Question

The coordinates of the orthocentre of the triangle formed by \[\left( 0,0 \right);\left( 8,0 \right);\left( 4,6 \right)\] is
A. $\left( 4,0 \right)$
B. $\left( 6,3 \right)$
C. $\left( 6,0 \right)$
D. None of these

Answer 1

Hint: We first find the equation of two sides on which we draw the perpendicular lines from the opposite vertex. We find the equation of the perpendicular lines which gives us the orthocentre of the triangle as the intersecting point.

Complete step-by-step solution:
The orthocentre of a triangle is the intersecting point of all three altitudes of the triangle.
We draw the triangle formed by \[A=\left( 0,0 \right);B=\left( 8,0 \right);C=\left( 4,6 \right)\]. Let the orthocentre be O.

We find the equation of the lines AB and AC.
The general equation of a line going through points \[\left( a,b \right);\left( c,d \right)\] is $\dfrac{y-b}{b-d}=\dfrac{x-a}{a-c}$.
So, equation AB will be $\dfrac{y-0}{0-0}=\dfrac{x-0}{0-8}$. The simplified form is $y=0$.
So, equation AC will be $\dfrac{y-0}{0-6}=\dfrac{x-0}{0-4}$. The simplified form is $3x-2y=0$.
Now we draw the perpendicular lines from C and B on the lines AB and AC respectively.
The general equation of a line perpendicular to $ax+by=c$ is $bx-ay=k$.
Therefore, CE, the perpendicular line of the line $y=0$ will be $x=k$ which is going through the point \[C=\left( 4,6 \right)\].
Putting the values, we get $x=4$. The line CE is $x=4$.
Therefore, BD, the perpendicular line of the line $3x-2y=0$ will be $2x+3y=K$ which is going through the point \[B=\left( 8,0 \right)\].
Putting the values, we get $2\times 8+3\times 0=K\Rightarrow K=16$. The line BD is $2x+3y=16$.
Now we find the intersection point of BD and CE.
So, putting $x=4$ in $2x+3y=16$, we get
\[\begin{align}
  & 2\times 4+3y=16 \\
 & \Rightarrow y=\dfrac{16-8}{3}=\dfrac{8}{3} \\
\end{align}\]
The point O is \[O=\left( 0,\dfrac{8}{3} \right)\]. The correct option is D.

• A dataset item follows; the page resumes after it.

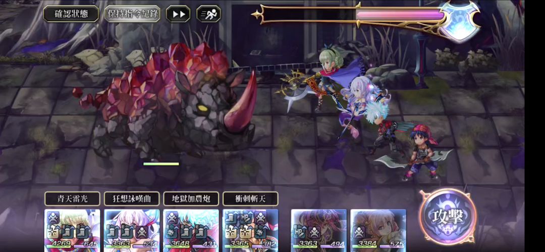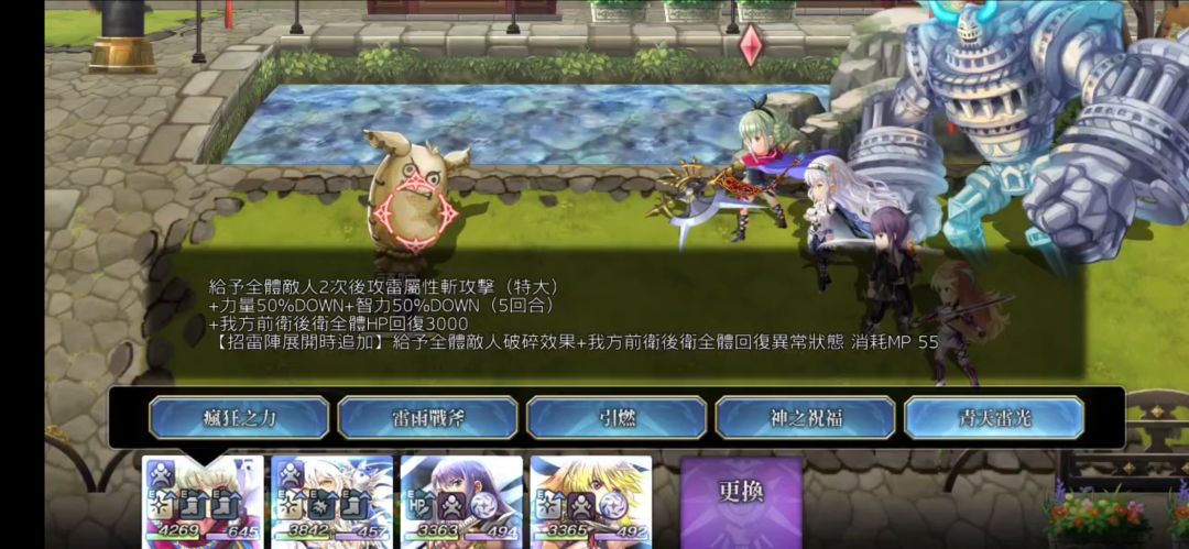 【青天雷光】可以一键达成:力量、智力50%DOWN+恢复前后卫3000HP+全体破碎+解异常

Note: We assume the lines AB and AC as the point \[A=\left( 0,0 \right)\] makes finding the equation easier. We can use any other line and its perpendicular line; the orthocentre remains fixed. If we draw the third perpendicular line from point A we will get the intersecting point on O.